Using AI to encode "lossy FLAC"

hello, i was reading about google's codec Sound Stream that is capable of really good audio quality at low bitrates, if i undestand correctly they train an encoder AI and a decode AI that work toguether to fool the discriminator AI which is trained to know if the audio is the original or not, and they use a lot of data for it.

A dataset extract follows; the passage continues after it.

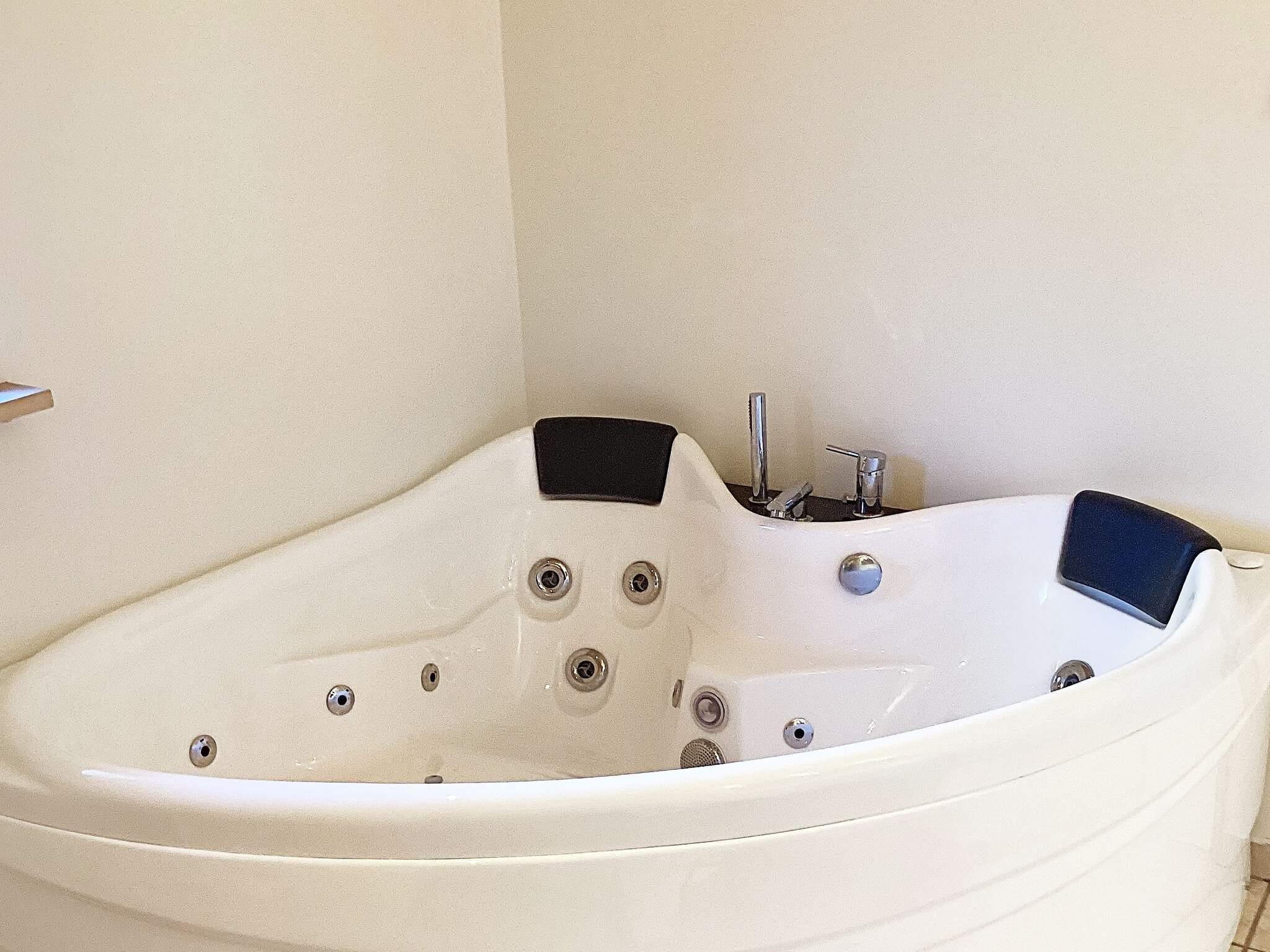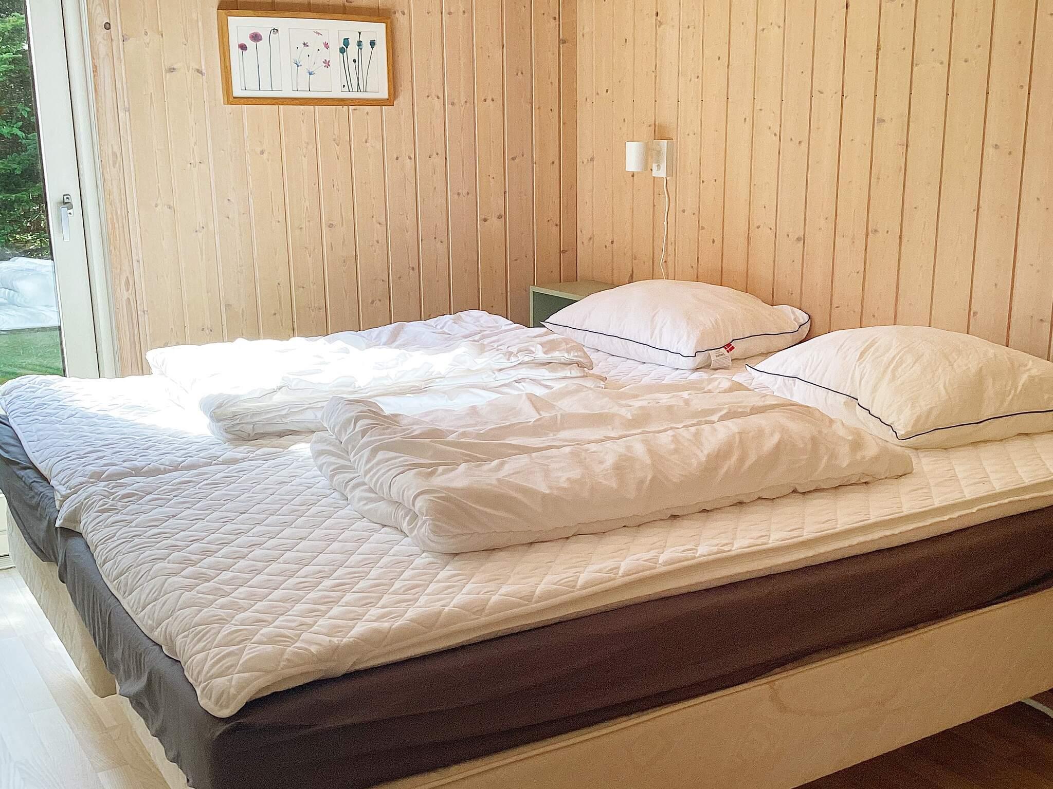 Soveområderne er fordelt på to soveværelser med hver to enkeltsenge, to mere med dobbeltseng og en hems med to senge. Ekstra TV i et af værelserne. Der er to gode badeværelser med gulvvarme og bruseniche. Den ene er desuden udstyret med et smukt spabad til 2 personer og direkte adgang til saunaen. Vaskemaskine og tørretumbler til rådighed i det lille badeværelse.

Then it ocurred to me that nothing stops you doing the same thing but instead training the AI to create a .wav that compresses really well to flac or other stablished audio formats with a good audio quality and small size, the cool thing about this is that you don't need a fancy decoder or a new file type and you can just train the encoder to get better, i wonder how good this thing can get

Re: Using AI to encode "lossy FLAC"

Reply #1
Using AI isn't the magical solution for everything. Just because AI can do magical things somewhere doesn't mean it can elsewhere.

Classic lossy formats, like MP3 and Vorbis, spend most of their bits on coding an 'approximation' of a signal, by converting it from the time domain to the frequency domain. Those formats have the right tools to describe these approximations. As far as I understand, in SoundStream the actual format is trained by AI, which gives it a profound advantage. The resulting tools of the format are probably much more complex than those used in MP3/Vorbis/Opus.

FLAC is very different. FLAC uses a very simple model (approximation) and spends most of the bits correcting that model. That is because a lossless codec needs to be, well, lossless, so correction is needed anyway, no model can ever be accurate enough. Other lossless codecs use (much) more complicated models to get a few percent extra compression, but none of these can do *much* better than FLAC. See here for a comparison between lossless audio codecs.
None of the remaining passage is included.